Reproduce exactly, with no pictures, each line from the opening of the material down through the line containing "You can command".
--- Data for the task Enclosed Below ---
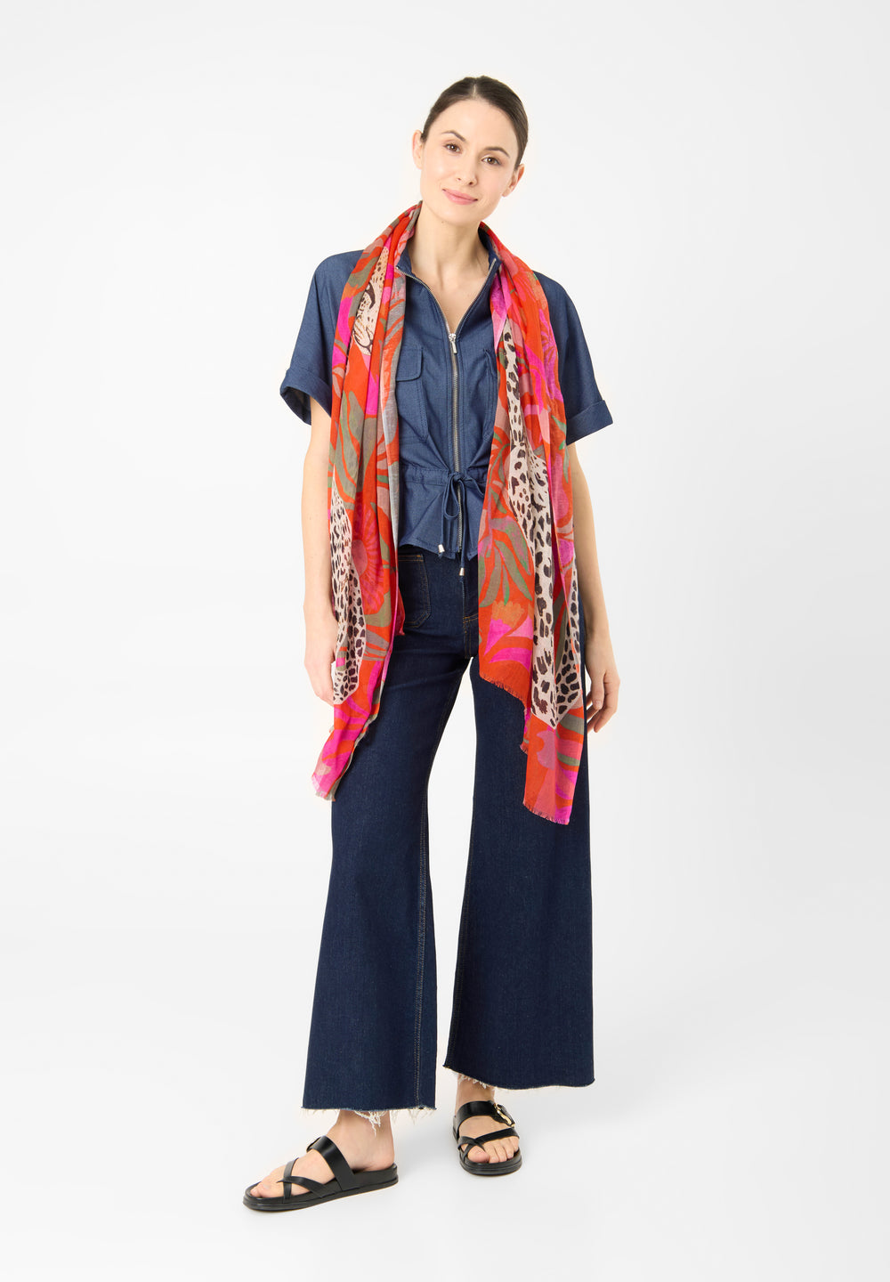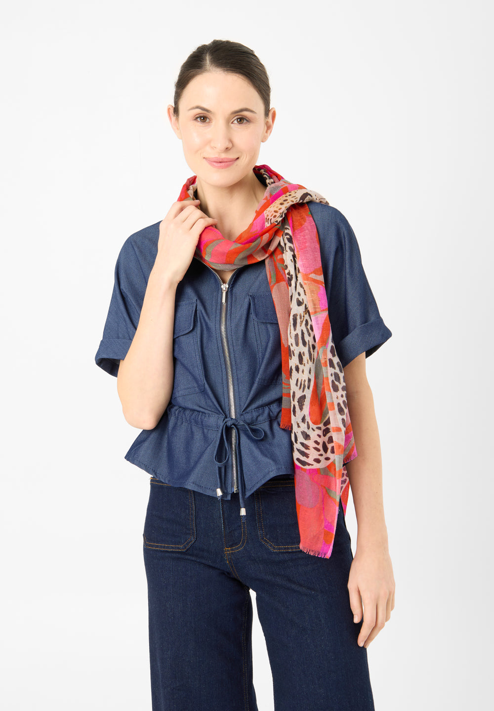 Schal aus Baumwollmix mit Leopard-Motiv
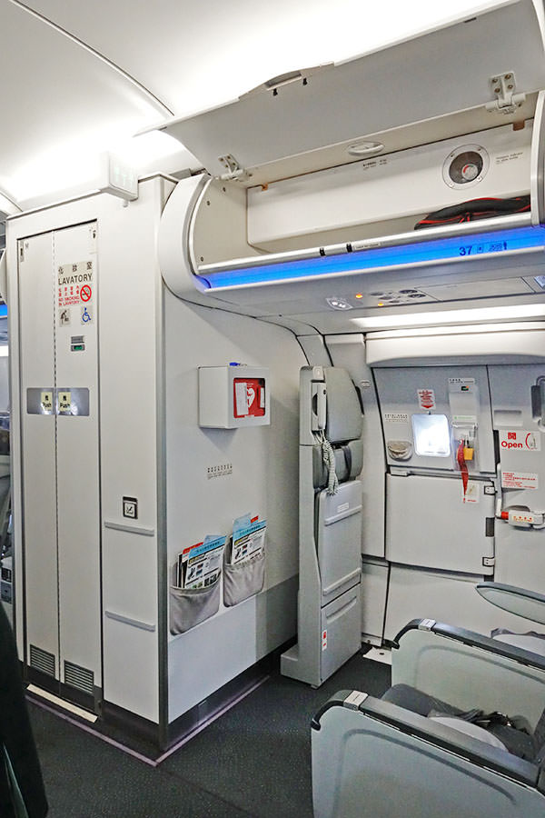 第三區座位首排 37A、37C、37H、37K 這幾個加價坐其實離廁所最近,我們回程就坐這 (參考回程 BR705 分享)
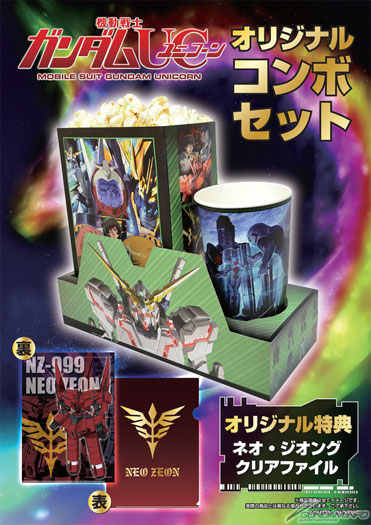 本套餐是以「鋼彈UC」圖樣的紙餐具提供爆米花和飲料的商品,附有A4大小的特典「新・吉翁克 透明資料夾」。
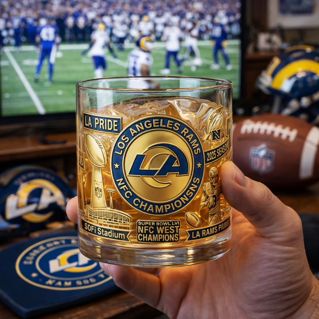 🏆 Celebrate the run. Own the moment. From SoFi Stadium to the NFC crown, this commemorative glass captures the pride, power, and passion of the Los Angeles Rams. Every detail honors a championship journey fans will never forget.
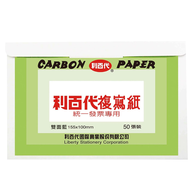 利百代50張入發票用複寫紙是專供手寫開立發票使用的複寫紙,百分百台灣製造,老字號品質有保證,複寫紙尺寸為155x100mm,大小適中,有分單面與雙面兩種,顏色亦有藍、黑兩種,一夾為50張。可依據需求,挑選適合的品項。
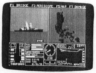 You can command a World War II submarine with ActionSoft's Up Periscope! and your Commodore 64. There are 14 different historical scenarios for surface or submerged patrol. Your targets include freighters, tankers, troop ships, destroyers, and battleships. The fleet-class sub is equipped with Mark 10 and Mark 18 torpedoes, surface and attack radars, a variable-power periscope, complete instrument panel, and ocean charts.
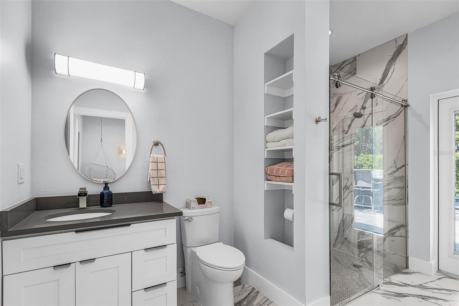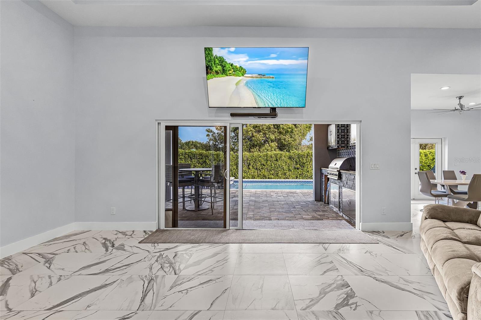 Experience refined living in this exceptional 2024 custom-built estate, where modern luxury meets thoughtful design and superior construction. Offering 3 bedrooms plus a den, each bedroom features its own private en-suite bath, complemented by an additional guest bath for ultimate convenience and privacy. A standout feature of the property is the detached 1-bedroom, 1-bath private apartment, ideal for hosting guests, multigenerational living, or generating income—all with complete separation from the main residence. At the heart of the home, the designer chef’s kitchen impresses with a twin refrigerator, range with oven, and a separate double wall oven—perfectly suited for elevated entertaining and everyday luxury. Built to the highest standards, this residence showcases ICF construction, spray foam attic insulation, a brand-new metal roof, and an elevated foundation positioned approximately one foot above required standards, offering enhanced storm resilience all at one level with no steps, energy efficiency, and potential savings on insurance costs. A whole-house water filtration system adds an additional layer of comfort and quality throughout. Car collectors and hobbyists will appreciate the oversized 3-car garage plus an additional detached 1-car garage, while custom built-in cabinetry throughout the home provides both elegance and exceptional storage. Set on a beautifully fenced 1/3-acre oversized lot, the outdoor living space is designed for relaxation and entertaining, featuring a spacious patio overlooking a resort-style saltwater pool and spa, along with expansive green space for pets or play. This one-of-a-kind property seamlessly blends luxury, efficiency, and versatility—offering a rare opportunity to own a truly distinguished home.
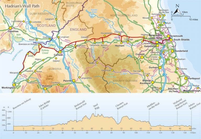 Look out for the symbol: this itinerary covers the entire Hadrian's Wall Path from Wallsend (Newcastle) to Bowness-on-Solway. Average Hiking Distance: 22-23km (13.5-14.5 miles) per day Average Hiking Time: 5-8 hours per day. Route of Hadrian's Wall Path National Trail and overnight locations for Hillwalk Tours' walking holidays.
--- End of Enclosed Data for the task ---
Exercise output:
 Schal aus Baumwollmix mit Leopard-Motiv
 第三區座位首排 37A、37C、37H、37K 這幾個加價坐其實離廁所最近,我們回程就坐這 (參考回程 BR705 分享)
 本套餐是以「鋼彈UC」圖樣的紙餐具提供爆米花和飲料的商品,附有A4大小的特典「新・吉翁克 透明資料夾」。
 🏆 Celebrate the run. Own the moment. From SoFi Stadium to the NFC crown, this commemorative glass captures the pride, power, and passion of the Los Angeles Rams. Every detail honors a championship journey fans will never forget.
 利百代50張入發票用複寫紙是專供手寫開立發票使用的複寫紙,百分百台灣製造,老字號品質有保證,複寫紙尺寸為155x100mm,大小適中,有分單面與雙面兩種,顏色亦有藍、黑兩種,一夾為50張。可依據需求,挑選適合的品項。
 You can command a World War II submarine with ActionSoft's Up Periscope! and your Commodore 64. There are 14 different historical scenarios for surface or submerged patrol. Your targets include freighters, tankers, troop ships, destroyers, and battleships. The fleet-class sub is equipped with Mark 10 and Mark 18 torpedoes, surface and attack radars, a variable-power periscope, complete instrument panel, and ocean charts.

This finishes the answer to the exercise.